=== Begin Enclosure ===

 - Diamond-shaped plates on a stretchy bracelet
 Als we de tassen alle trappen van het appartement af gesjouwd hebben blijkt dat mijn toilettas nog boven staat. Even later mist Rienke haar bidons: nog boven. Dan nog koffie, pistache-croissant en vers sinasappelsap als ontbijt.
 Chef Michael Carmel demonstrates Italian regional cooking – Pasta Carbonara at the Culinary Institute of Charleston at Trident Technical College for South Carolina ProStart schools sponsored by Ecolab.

=== End Enclosure ===
=== Begin Enclosure ===

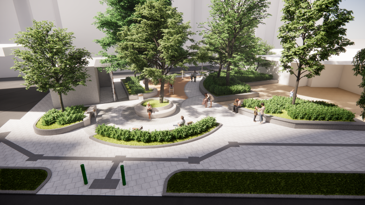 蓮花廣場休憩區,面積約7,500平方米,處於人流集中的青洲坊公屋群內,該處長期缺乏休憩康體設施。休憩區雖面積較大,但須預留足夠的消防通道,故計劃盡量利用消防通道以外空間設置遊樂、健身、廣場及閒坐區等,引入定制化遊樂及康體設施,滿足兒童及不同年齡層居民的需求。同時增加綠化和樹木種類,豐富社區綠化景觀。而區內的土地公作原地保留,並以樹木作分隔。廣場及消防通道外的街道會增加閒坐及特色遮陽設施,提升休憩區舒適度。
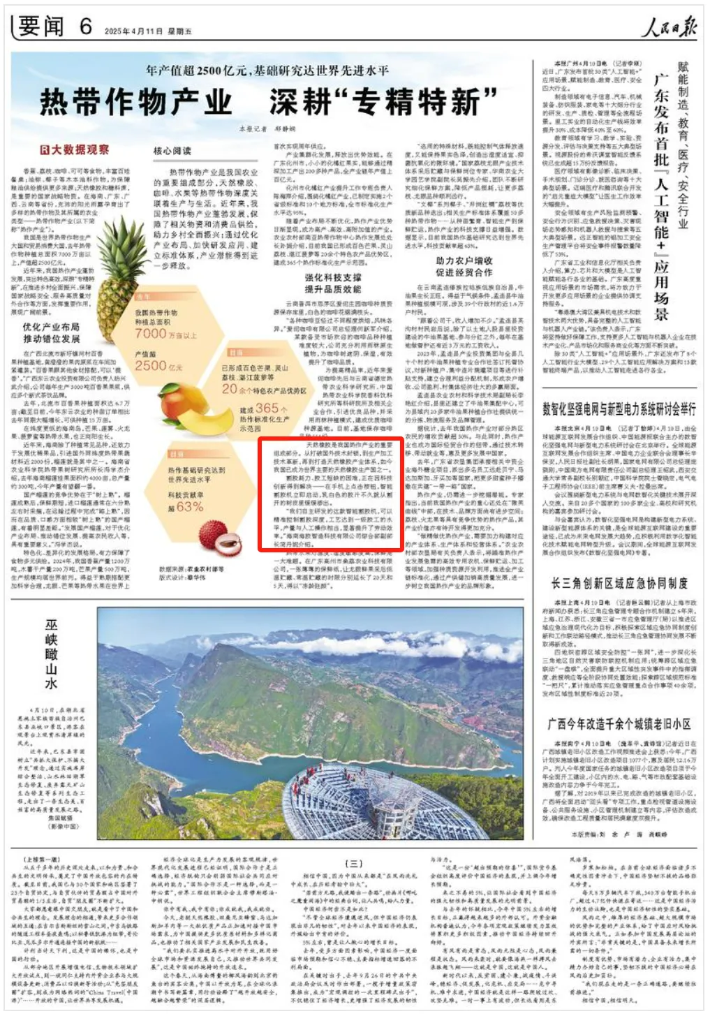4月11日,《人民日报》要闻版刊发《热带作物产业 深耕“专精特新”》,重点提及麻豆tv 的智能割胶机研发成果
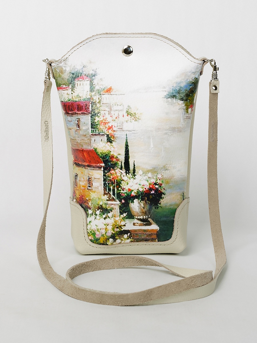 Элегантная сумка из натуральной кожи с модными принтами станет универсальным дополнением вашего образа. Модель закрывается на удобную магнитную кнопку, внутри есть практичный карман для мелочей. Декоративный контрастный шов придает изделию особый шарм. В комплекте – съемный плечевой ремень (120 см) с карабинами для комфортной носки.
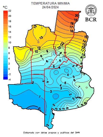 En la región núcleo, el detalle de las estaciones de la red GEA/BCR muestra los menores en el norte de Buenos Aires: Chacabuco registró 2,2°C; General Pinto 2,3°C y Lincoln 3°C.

=== End Enclosure ===
=== Begin Enclosure ===

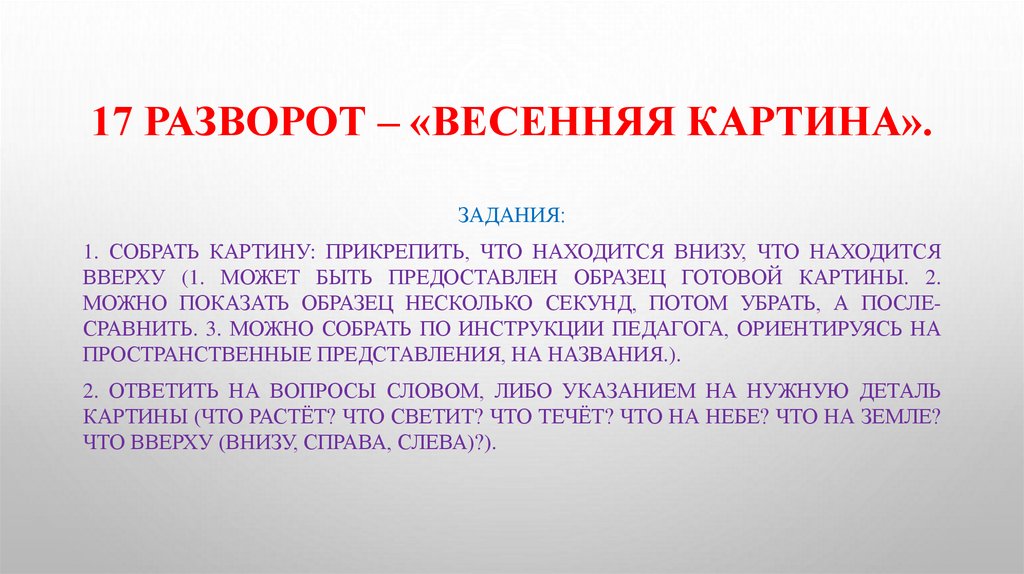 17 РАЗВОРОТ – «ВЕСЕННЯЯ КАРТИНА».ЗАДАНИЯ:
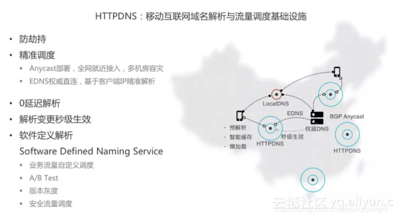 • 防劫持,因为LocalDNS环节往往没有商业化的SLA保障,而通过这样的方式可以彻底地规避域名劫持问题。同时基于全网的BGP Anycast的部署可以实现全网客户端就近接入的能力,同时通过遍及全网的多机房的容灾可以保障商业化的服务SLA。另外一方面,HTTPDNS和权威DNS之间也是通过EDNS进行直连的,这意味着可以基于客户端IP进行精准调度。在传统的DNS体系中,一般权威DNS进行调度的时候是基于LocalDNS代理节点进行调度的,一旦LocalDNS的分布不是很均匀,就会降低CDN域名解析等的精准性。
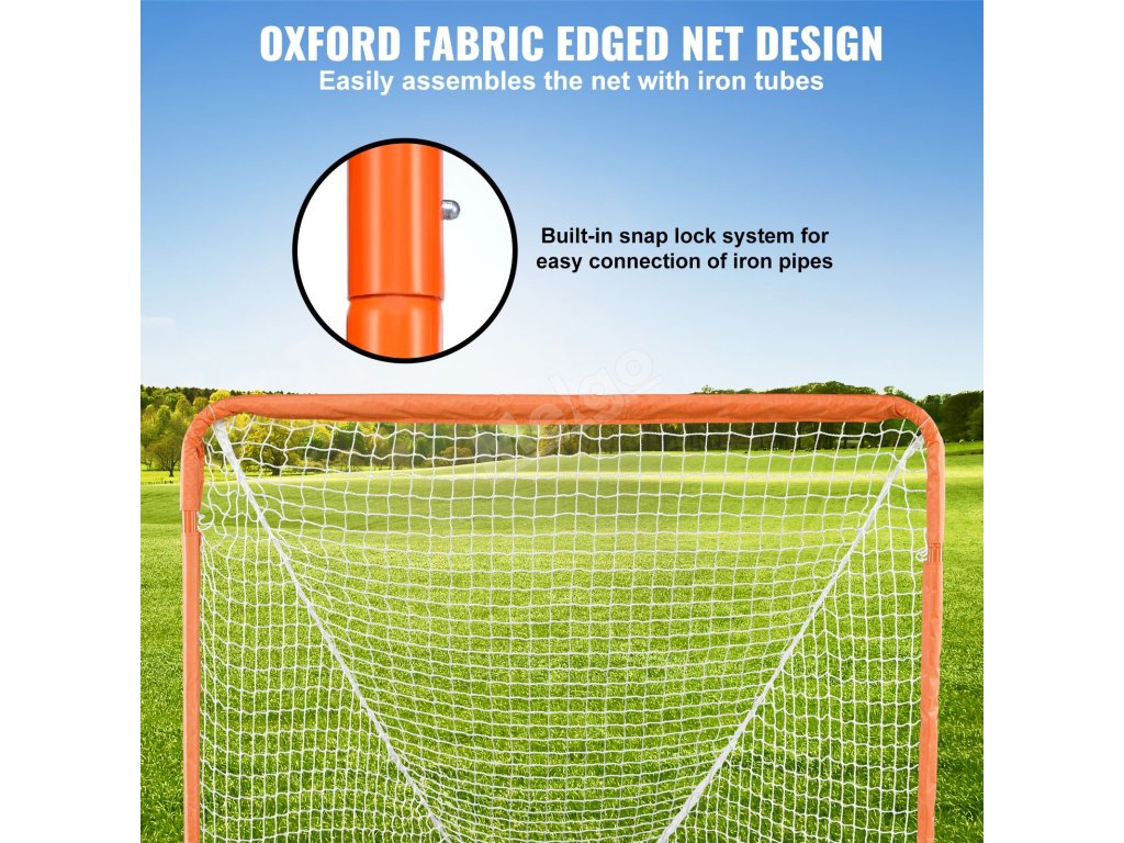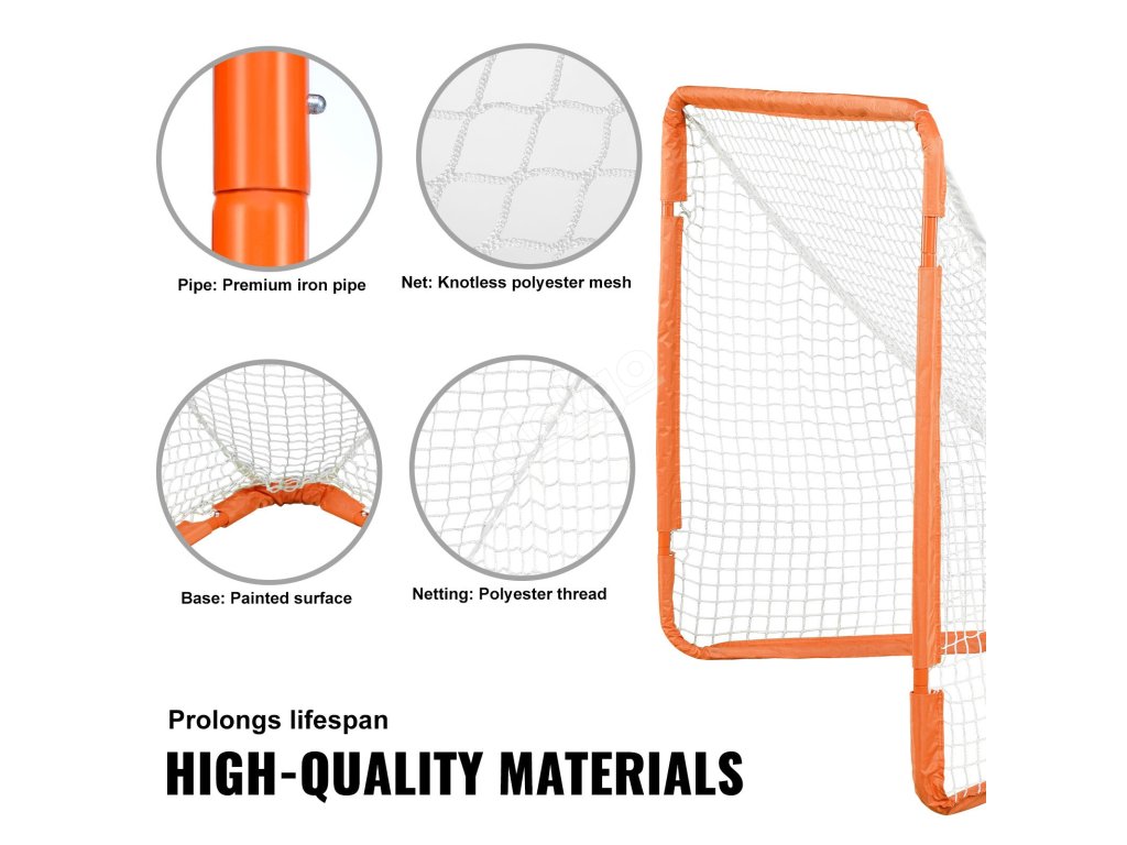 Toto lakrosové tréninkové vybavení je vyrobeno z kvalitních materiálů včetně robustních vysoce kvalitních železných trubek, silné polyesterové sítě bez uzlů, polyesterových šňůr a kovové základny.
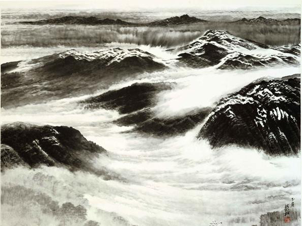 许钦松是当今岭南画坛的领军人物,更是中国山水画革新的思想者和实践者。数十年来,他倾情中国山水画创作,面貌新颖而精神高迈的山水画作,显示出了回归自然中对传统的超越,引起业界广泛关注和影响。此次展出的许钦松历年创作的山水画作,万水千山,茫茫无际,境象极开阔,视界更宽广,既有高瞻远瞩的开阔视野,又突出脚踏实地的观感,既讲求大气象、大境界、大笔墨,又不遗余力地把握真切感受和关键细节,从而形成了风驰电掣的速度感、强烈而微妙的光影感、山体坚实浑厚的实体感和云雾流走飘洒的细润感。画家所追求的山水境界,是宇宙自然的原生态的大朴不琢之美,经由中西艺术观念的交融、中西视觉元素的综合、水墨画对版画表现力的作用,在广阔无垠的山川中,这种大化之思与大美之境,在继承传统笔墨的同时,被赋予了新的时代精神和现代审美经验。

=== End Enclosure ===

### WHAT TO DO:
Copy only this part of the entries above: the line with "- Diamond-shaped plates", the line with "Als we de tassen", and the lines between, all exactly as written.

### RESULT OF THIS EXERCISE:
 - Diamond-shaped plates on a stretchy bracelet
 Als we de tassen alle trappen van het appartement af gesjouwd hebben blijkt dat mijn toilettas nog boven staat. Even later mist Rienke haar bidons: nog boven. Dan nog koffie, pistache-croissant en vers sinasappelsap als ontbijt.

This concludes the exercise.